'Charlie Sherpa' to Serve as a War Poetry Postcard Project Judge
Author of the award-winning poetry collection “Welcome to FOB Haiku: War Poems from Inside the Wire,” U.S. Army veteran, journalist, essayist, and literary activist Randy “Sherpa” Brown (he/him) will serve as one of the contest judges of the first-ever War Poetry Postcard Project.
Contest organizers seek short poems (equal to 26 lines or less, including line-spaces) regarding effects of armed conflict, state violence, and military service.
The contest is co-sponsored by Collateral Journal and Middle West Press. On a panel of three judges, Brown joins Collateral Journal founding editor and WPPP keynoter Abby E. Murray (they/them), as well as poet, fellow editor, and literary activist Lisa Stice.
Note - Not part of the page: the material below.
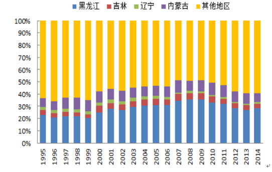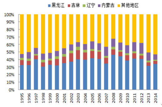 大豆喜溫喜水,適宜在溫暖的環境下生長,對于水分要求較多,而且又是短日照作物。從本質上而言,東北和內蒙古并非是大豆的理想產地,單產也僅在全國處于中游水平。但東北地大物博、土地資源較為豐富,適合大規模機械化作業。而大豆較為適宜機械化種植,因此東北仍是全國最主要的大豆產地。

Brown is also the founder and editor-publisher of Middle West Press.
A cohort of three winning poems will be selected, then produced, printed, and distributed as ready-to-mail 4x6-inch postcards later this summer.
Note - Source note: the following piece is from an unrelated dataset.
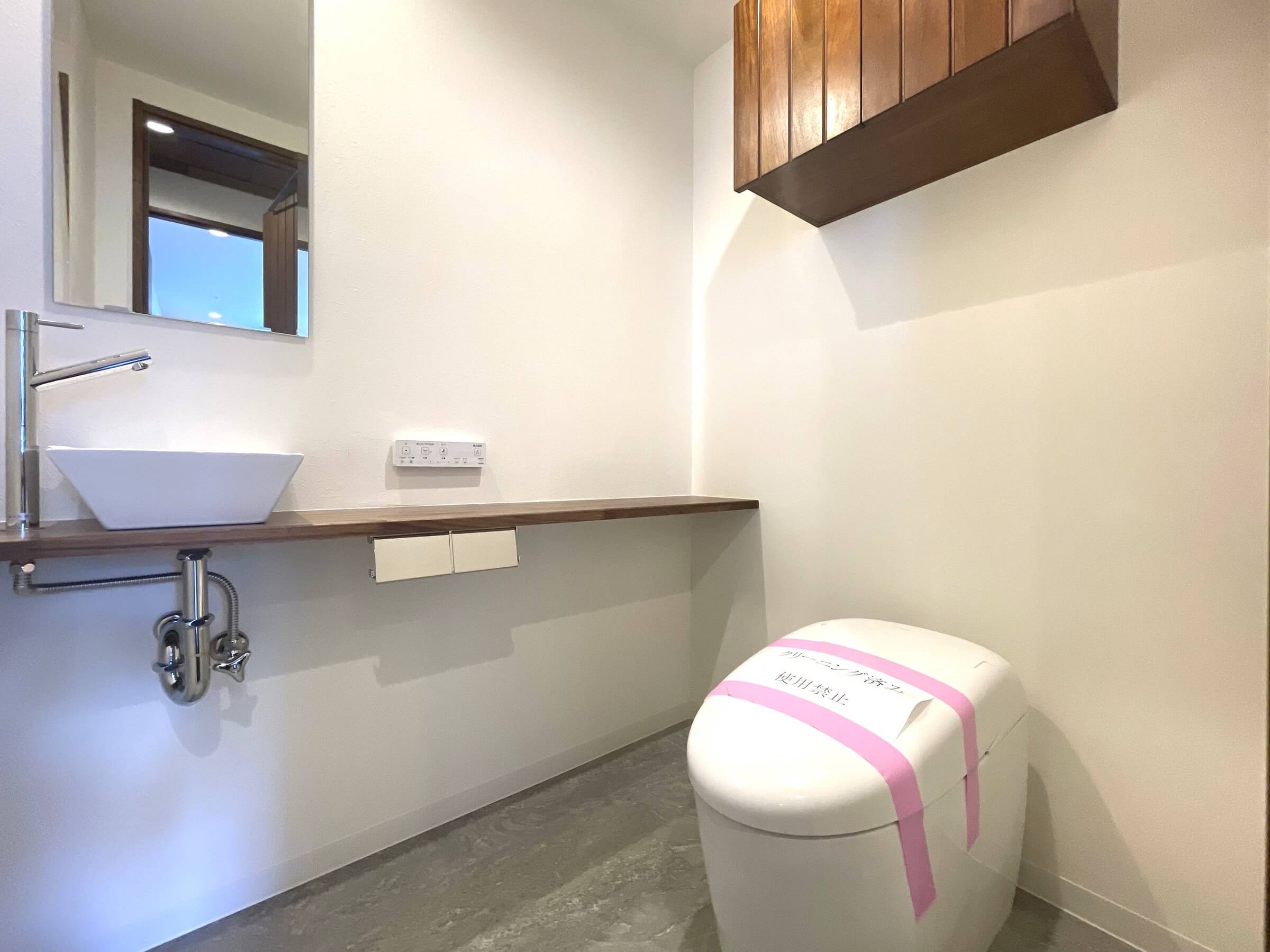 トイレは洗面室と廊下の2ヵ所に設置されています。写真は廊下側のトイレ。空間がすっきり見えるタンクレストイレを採用。独立型の手洗い器、収納スペース、ウォシュレットも備わっています。

Contest deadline is May 3, 2025.
EVERYONE WHO ENTERS will receive a set of the three winning postcard poems. Organizers hope that the postcards will be used to instigate and inspire conversations with friends, family, politicians, and others. Entry fees will subsidize production, printing, and postage.
As part of the design team that also prototyped examples of potential War Poetry Postcard Project products, Brown points to a treatment of his 2015 poem, “here and theirs.”
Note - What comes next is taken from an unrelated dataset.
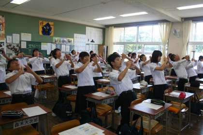 応援練習をする時間がないので、寸暇を惜しんでの練習です。

“That poem surprised me when I first wrote it, and it’s never stopped surprising me," says Brown. “First, my pro-gun friends thought it was anti-gun-control, while my anti-gun friends thought it was pro-gun control. Then, with the so-called ‘Fall of Kabul’ in 2021, readers of all political beliefs responded to it as a comment on the follies of empire and nation-building. And lately, with the daily erosion of Constitutional rights and rule-of-law in the United States, people have commented on the poem’s apparent prescience.”
“In all interpretations, however, this quirky little poem served as a non-partisan way to open constructive and empathetic conversations with people, about experiences, concerns, and beliefs,” Brown says. “That’s what we hope to deliver with the War Poetry Postcard Project!”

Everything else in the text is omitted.